==== RECORD EXTRACTS ====

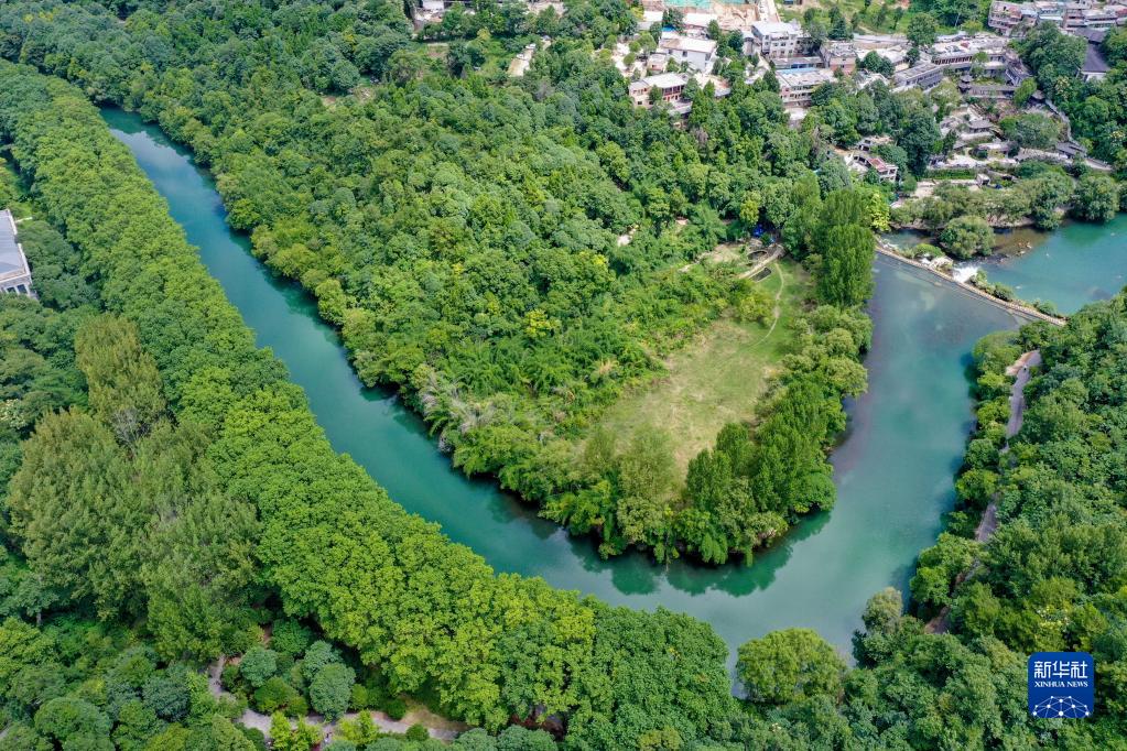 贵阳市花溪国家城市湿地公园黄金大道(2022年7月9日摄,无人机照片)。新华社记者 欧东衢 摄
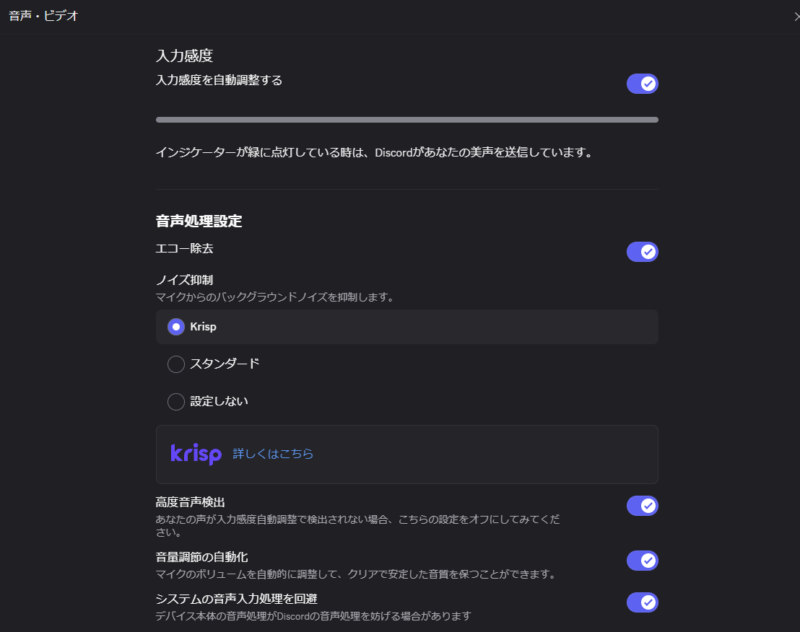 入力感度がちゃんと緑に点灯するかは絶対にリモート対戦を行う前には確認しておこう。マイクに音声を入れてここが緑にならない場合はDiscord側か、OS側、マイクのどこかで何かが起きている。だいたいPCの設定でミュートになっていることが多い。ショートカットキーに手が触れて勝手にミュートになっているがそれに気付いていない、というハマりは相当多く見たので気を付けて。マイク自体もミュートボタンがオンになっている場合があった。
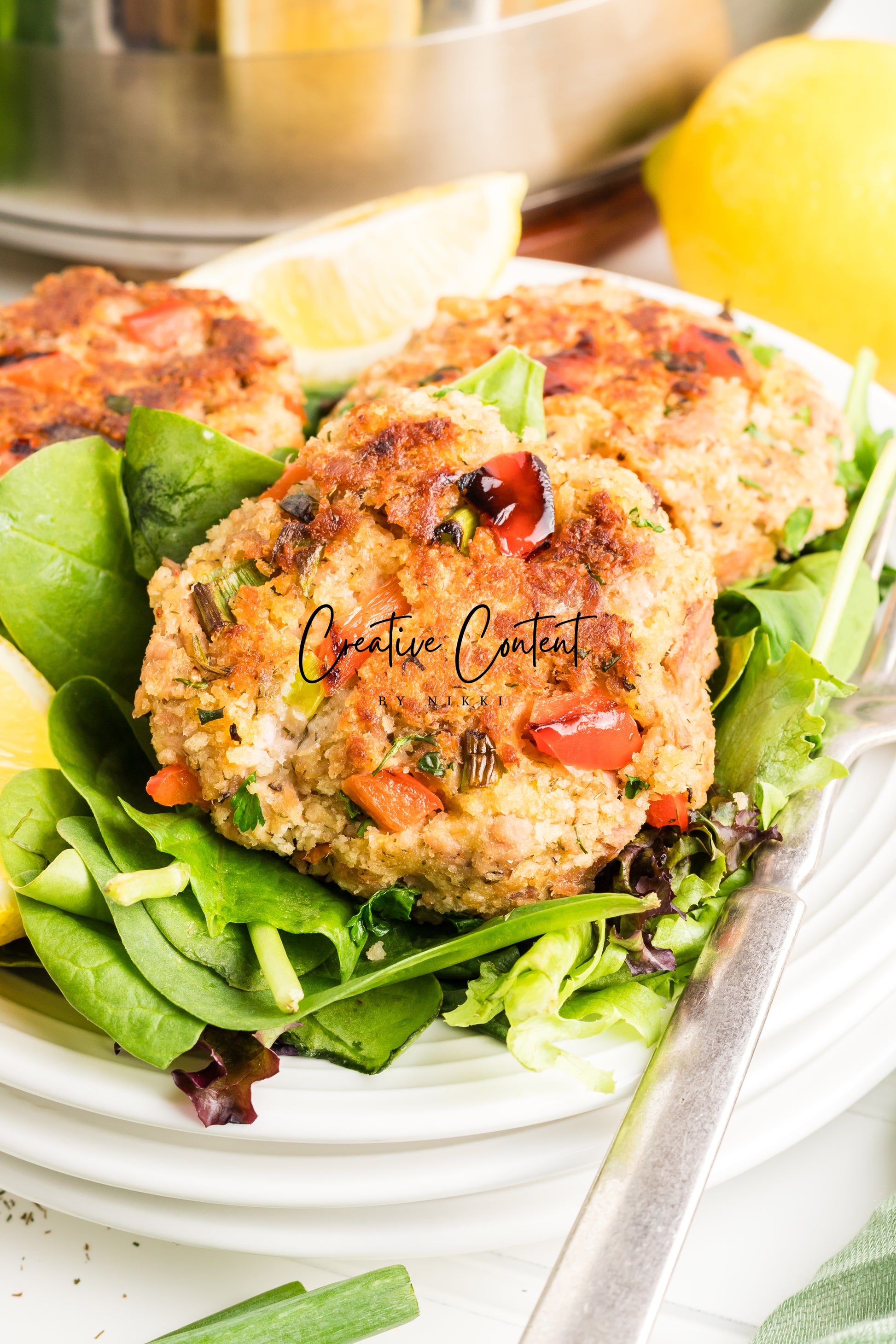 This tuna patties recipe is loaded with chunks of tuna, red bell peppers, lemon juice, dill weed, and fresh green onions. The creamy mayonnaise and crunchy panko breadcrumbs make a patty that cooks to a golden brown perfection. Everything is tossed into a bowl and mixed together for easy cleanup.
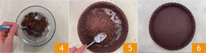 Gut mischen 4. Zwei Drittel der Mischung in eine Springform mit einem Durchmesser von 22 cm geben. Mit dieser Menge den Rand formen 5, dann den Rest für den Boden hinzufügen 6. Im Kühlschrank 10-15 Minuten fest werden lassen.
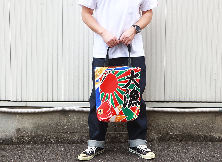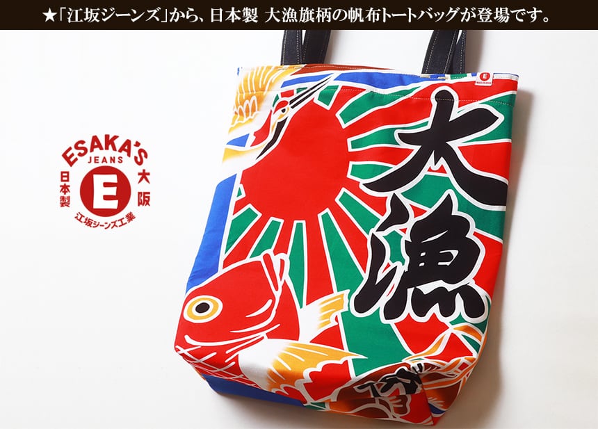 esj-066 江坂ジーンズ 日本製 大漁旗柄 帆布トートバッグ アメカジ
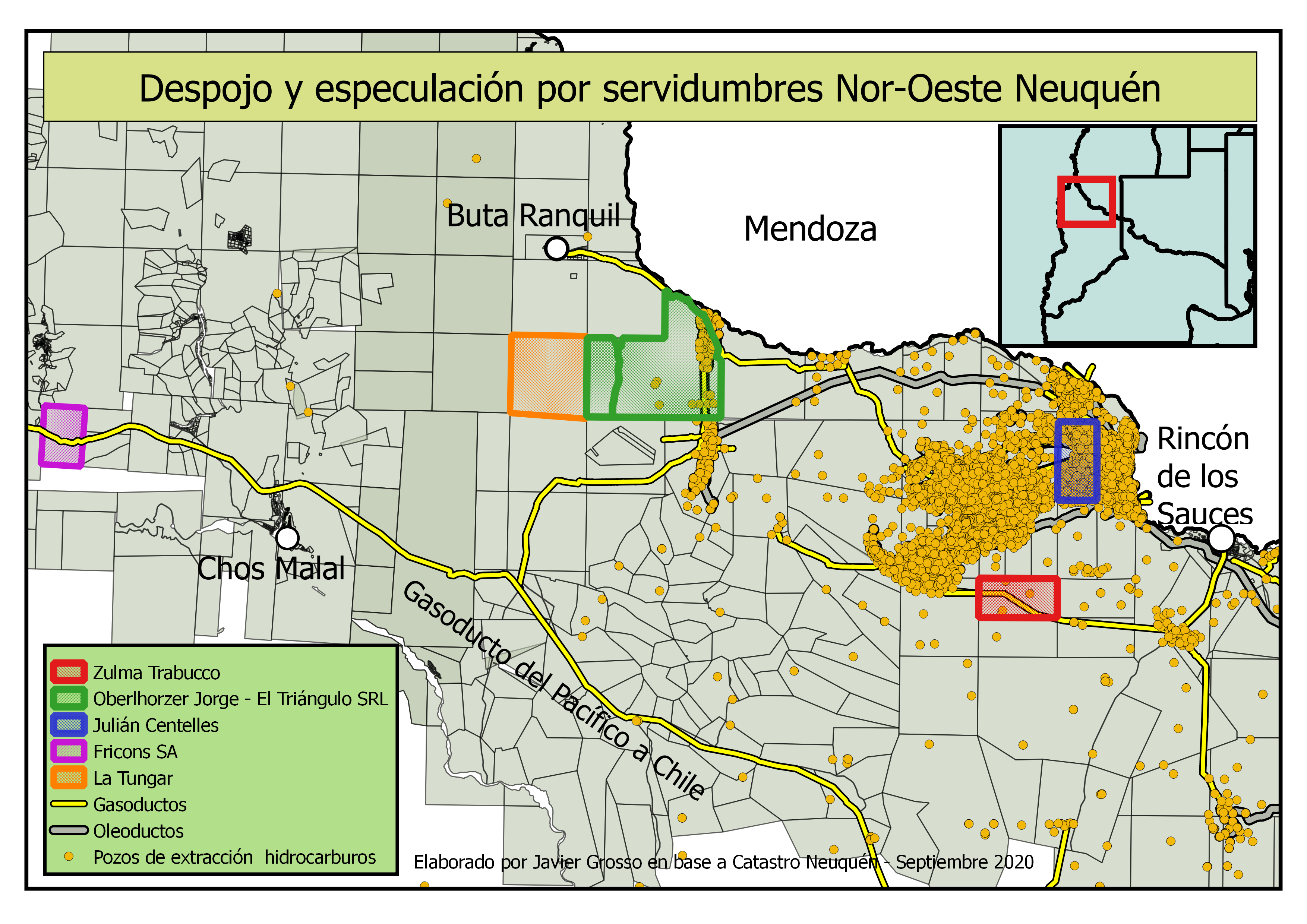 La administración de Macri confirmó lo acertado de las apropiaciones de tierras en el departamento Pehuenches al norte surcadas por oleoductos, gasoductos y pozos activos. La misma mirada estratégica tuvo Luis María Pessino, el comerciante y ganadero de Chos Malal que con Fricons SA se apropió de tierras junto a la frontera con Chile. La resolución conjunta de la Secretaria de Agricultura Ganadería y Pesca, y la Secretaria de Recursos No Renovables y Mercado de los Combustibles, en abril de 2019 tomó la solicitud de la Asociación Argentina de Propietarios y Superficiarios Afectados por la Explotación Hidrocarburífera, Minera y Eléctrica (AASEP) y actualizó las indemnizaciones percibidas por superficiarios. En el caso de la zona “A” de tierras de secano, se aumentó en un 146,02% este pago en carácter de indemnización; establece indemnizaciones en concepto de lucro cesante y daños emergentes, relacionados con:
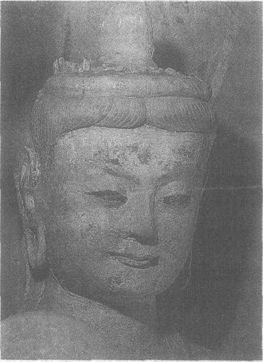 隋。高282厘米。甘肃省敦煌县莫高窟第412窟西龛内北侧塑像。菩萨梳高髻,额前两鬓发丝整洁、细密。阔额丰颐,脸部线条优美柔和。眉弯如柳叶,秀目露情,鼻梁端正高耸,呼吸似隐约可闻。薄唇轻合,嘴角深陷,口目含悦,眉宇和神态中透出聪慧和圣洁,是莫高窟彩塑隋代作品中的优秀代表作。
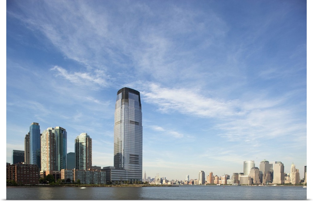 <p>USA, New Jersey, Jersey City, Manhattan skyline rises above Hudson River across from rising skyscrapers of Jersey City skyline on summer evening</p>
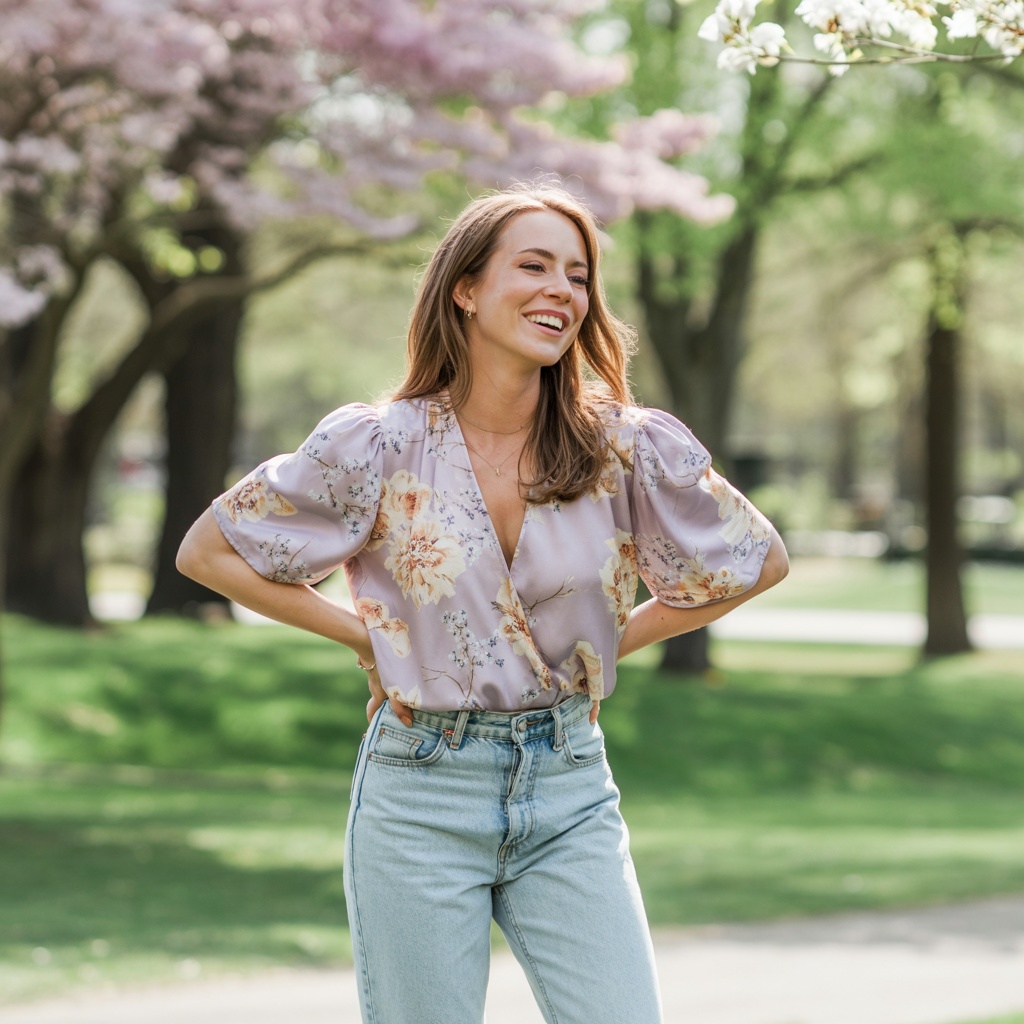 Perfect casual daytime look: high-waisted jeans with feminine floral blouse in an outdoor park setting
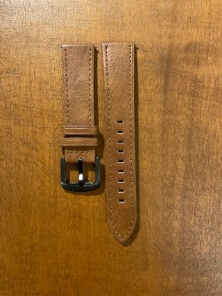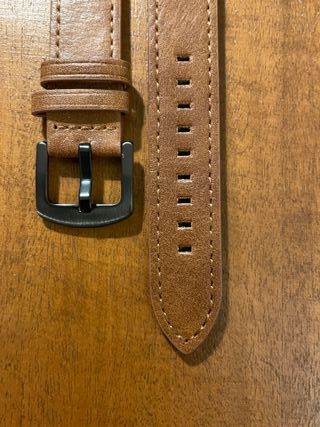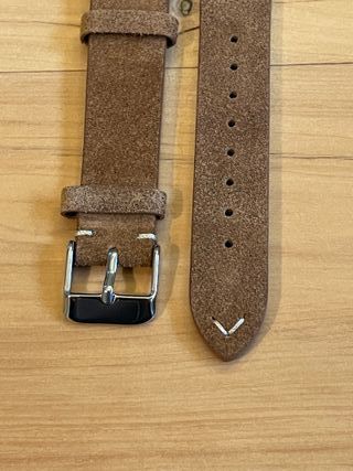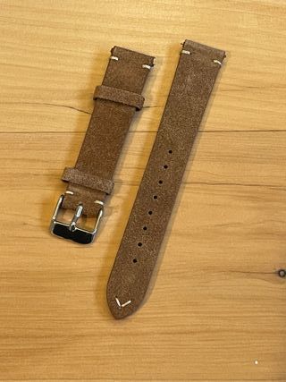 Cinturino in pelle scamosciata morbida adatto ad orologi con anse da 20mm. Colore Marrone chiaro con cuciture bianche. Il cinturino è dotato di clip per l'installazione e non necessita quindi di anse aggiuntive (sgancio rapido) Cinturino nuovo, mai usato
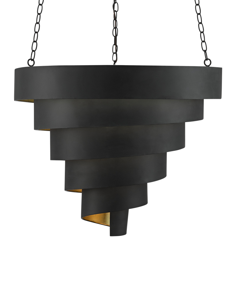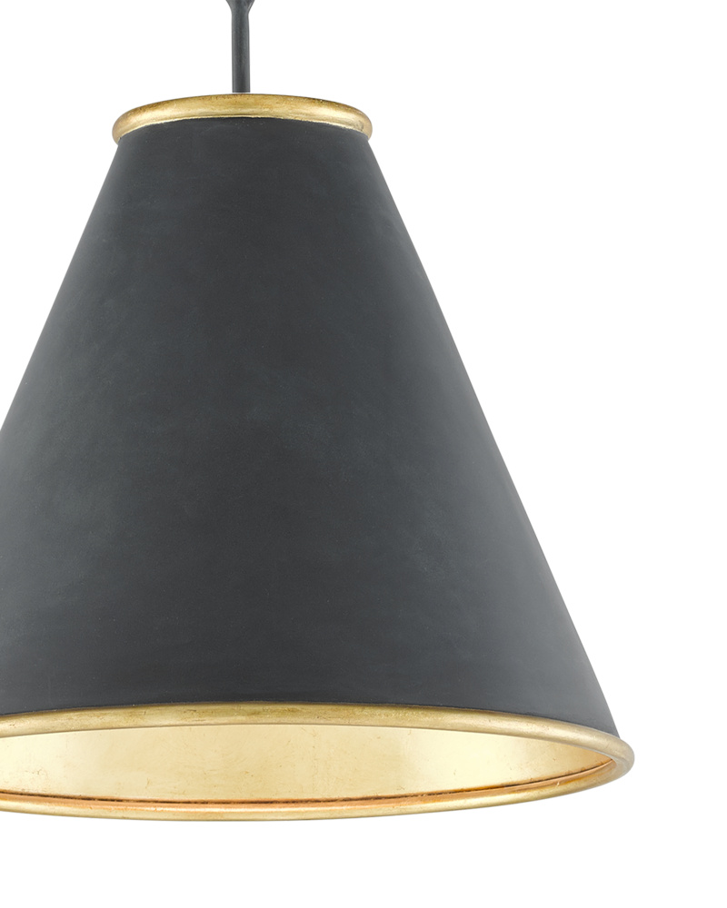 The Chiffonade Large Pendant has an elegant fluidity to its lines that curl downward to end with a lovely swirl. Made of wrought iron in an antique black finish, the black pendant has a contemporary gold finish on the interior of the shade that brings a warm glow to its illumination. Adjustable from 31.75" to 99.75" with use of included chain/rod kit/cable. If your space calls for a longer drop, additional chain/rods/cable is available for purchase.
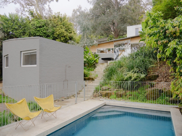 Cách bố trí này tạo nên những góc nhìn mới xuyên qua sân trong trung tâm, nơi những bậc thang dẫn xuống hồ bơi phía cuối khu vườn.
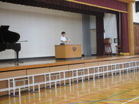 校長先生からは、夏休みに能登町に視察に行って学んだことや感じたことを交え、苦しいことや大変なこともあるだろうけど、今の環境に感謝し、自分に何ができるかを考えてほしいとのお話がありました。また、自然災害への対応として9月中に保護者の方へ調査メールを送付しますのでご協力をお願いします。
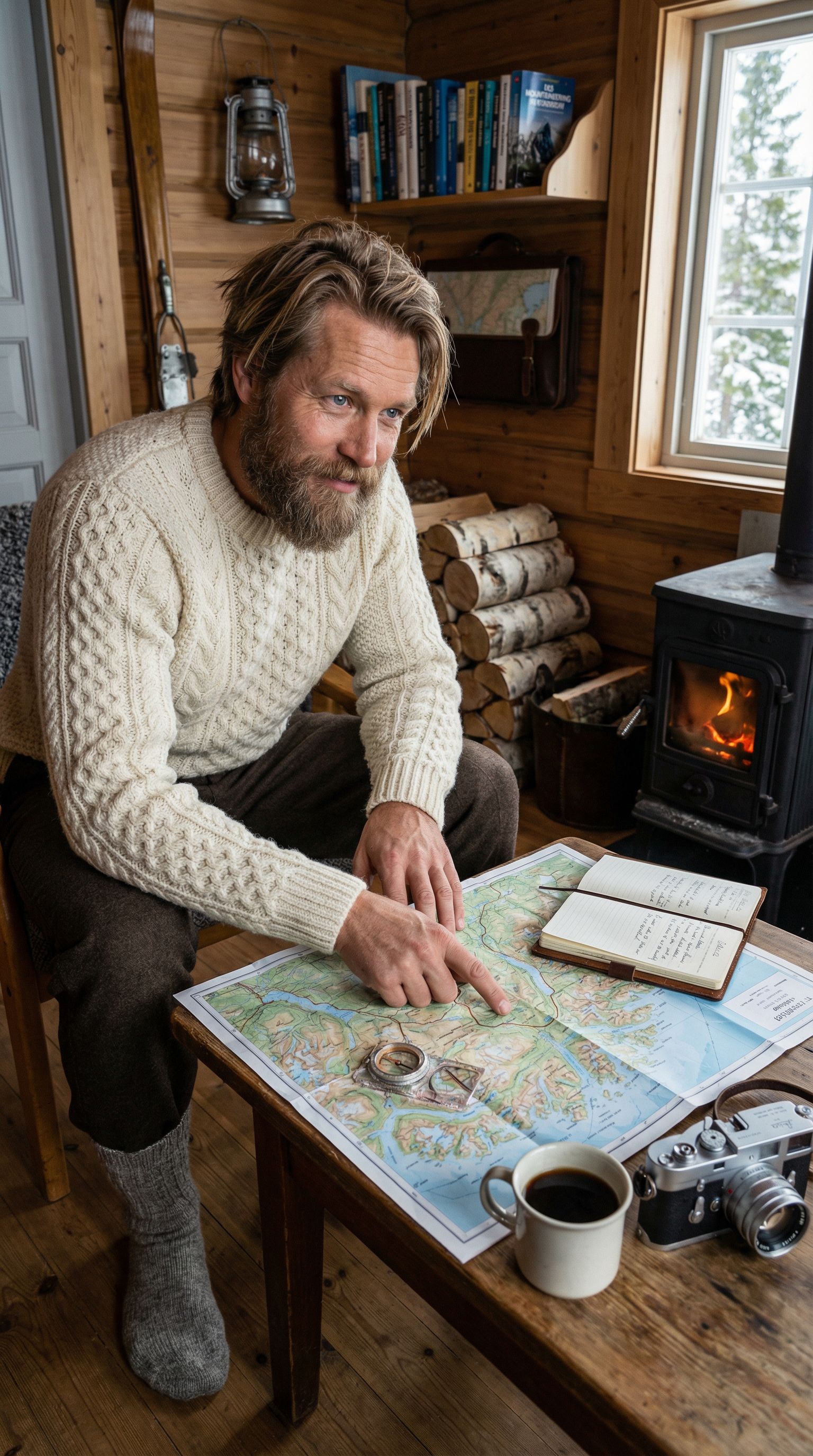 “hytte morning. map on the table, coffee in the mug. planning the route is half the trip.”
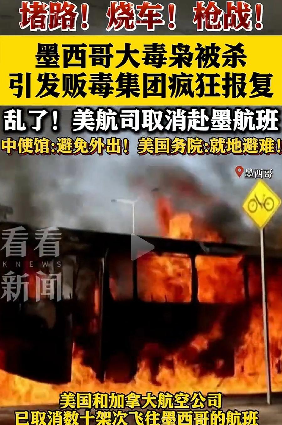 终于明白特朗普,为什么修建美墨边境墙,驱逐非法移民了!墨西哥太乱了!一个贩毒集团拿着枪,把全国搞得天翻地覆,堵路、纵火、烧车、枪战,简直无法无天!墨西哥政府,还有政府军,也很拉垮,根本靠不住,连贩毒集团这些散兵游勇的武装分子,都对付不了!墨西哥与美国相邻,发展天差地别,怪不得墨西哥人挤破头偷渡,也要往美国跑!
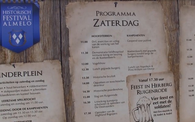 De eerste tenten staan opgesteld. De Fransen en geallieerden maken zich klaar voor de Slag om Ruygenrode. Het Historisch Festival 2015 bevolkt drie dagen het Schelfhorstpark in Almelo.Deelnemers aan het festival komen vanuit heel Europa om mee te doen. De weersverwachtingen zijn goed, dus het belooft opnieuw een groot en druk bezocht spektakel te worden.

====

ASSIGNED TASK: The answer must consist solely of the lines from the first line of the data through the line containing "入力感度がちゃんと緑に点灯す", inclusive, reproduced exactly and without pictures.

RESULT FOR THIS EXERCISE:
 贵阳市花溪国家城市湿地公园黄金大道(2022年7月9日摄,无人机照片)。新华社记者 欧东衢 摄
 入力感度がちゃんと緑に点灯するかは絶対にリモート対戦を行う前には確認しておこう。マイクに音声を入れてここが緑にならない場合はDiscord側か、OS側、マイクのどこかで何かが起きている。だいたいPCの設定でミュートになっていることが多い。ショートカットキーに手が触れて勝手にミュートになっているがそれに気付いていない、というハマりは相当多く見たので気を付けて。マイク自体もミュートボタンがオンになっている場合があった。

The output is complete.